Hi, do you have to take the vendentta off the bow after you are done shooting the bow or do you have to leave it on the bow so you don't have to resight in the vendetta rangefinder ,thanx for the response


----------



## HuntWhenever (Jan 4, 2010)

Glad I ran into this. Got a buudy looking at one of these...didn't think it would fall into the "beam of light" rule :aww:


----------



## ncarchery (May 3, 2009)

recently shot one on a diamond black ice and it was pretty sweet. you could feel the weight but all in all a nice piece of equipment


----------



## jmp51483 (Jan 14, 2010)

I think I've just about convinced myself to get one... eliminates one more thing to worry about when you have Mr. Big walk out in front of you. Thank goodness that it's legal in North Carolina


----------



## JK360 (Jun 29, 2010)

Damn.... illegal in NJ too!


----------



## EMSBMR (May 22, 2008)

Four of us in my little hunting group bought them.
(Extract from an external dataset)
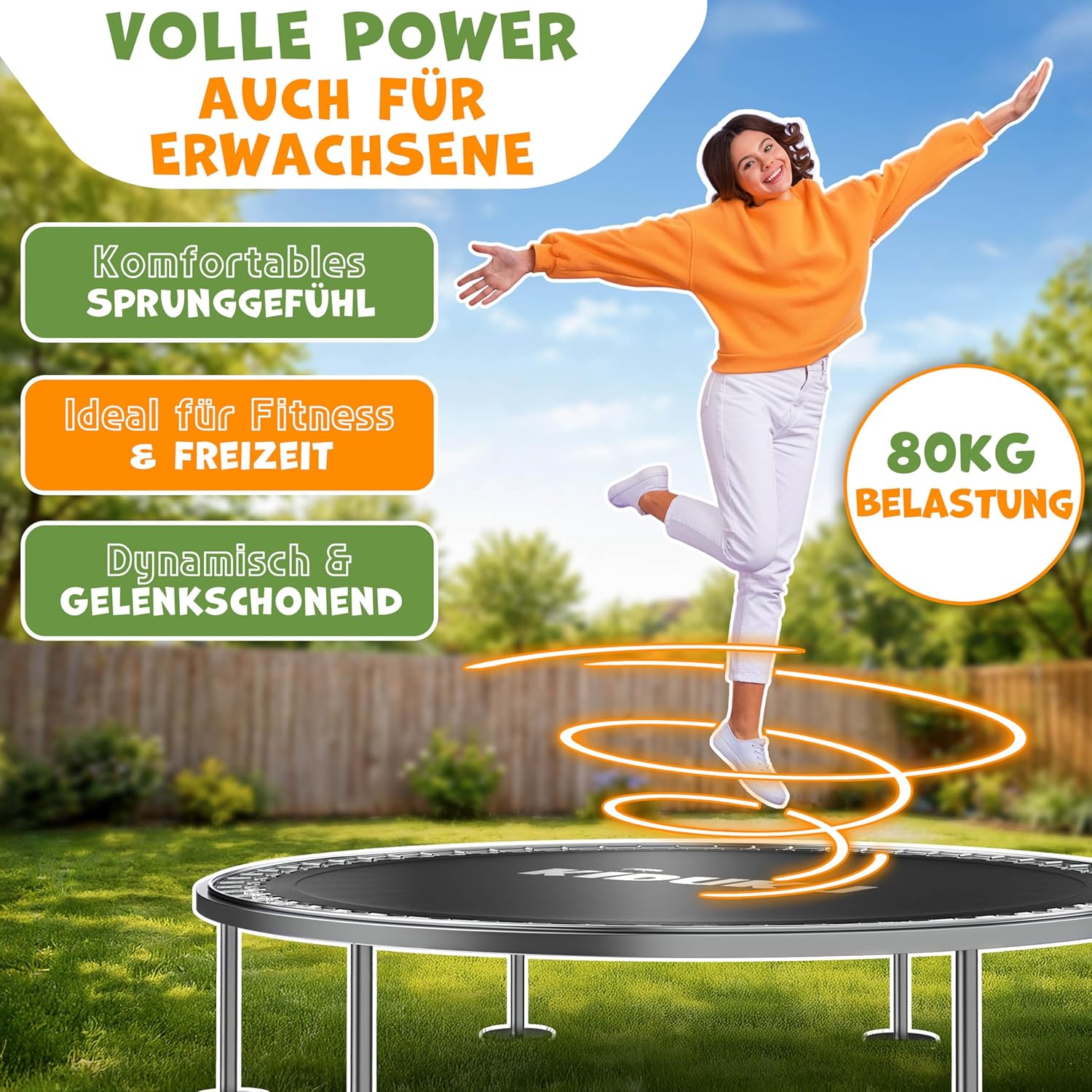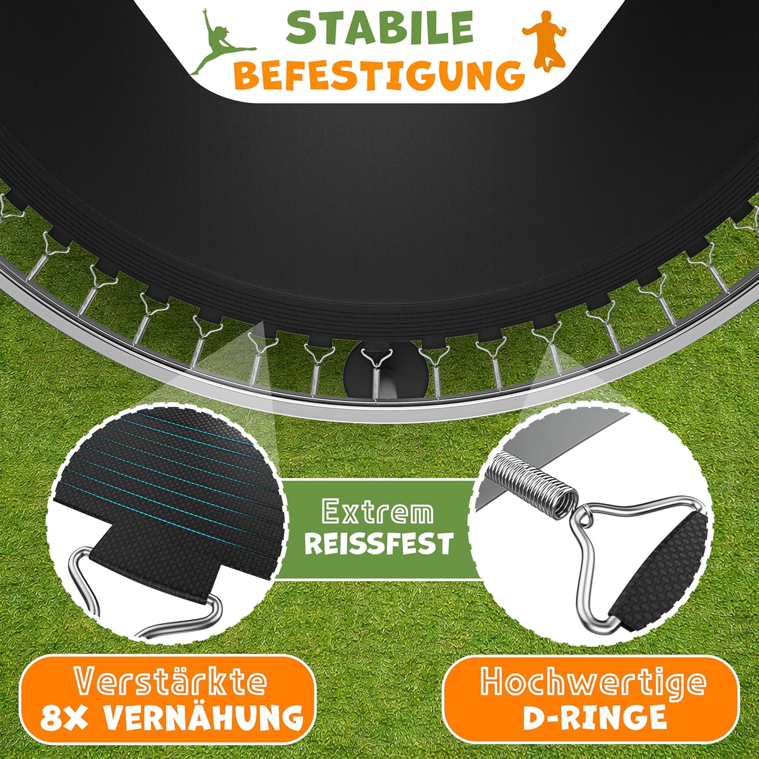 • OPTIMALE DYNAMIEK & COMFORT: ervaar een comfortabel, dynamisch springgevoel dat ideaal is voor dagelijks trampolinespringen in de tuin. Het elastische materiaal zorgt voor een gewrichtsvriendelijke landing en tegelijkertijd maximale kracht bij het springen. De springmat is ontworpen voor een hoge belasting van 80-150 kg, wat hem tot het perfecte reserveonderdeel voor actieve gezinnen maakt.

All four of us took them back. Not worth the aggravation with the set up. Been using them since July 3rd.


----------



## buck can do (Dec 30, 2010)

*electronic hunting devices*

i dont unrdstand why certain states make the leupold vandetta illegal.they are only helping animal right activest.and costing there state money.andmaking it harder on us hunters.i think any device that helps range and animal and helps a hunter make a more ethicl kill,would definatly help the war against animal rihgt activest.


----------



## buck can do (Dec 30, 2010)

leupold has a online setup video. that is very easy to follow.for all that is having problems


----------



## Jabwa (Dec 10, 2004)

i think any device that helps range and animal and helps a hunter make a more ethicl kill,would definatly help the war against animal rihgt activest. 

So why not use heat seeking rockets? It is hunting, man, not killing! Hunting involves a number of human decisions as to what is an ethical shot. Unfortunately, sometimes we are wrong, and then we, as well as the animal, have to live with the consequences of our actions.
Of course, the liberal anti-hunting establishment doesn't understand "consequences". They don't agree that the animal should have to live with the consequences of our actions anymore than humans should have to live with the consequences of their actions!


----------



## hutch80 (Sep 17, 2010)

I read in another forum that in Ohio you can use the Vendetta as long as the laser has been diabled. I guess you would have to do this after you sight it in, the laser is only used to sight the vendetta to your pins. But again, that is just what I read. I think I may send a message to ODNR to verify this, and if its legal I may get one myself!


----------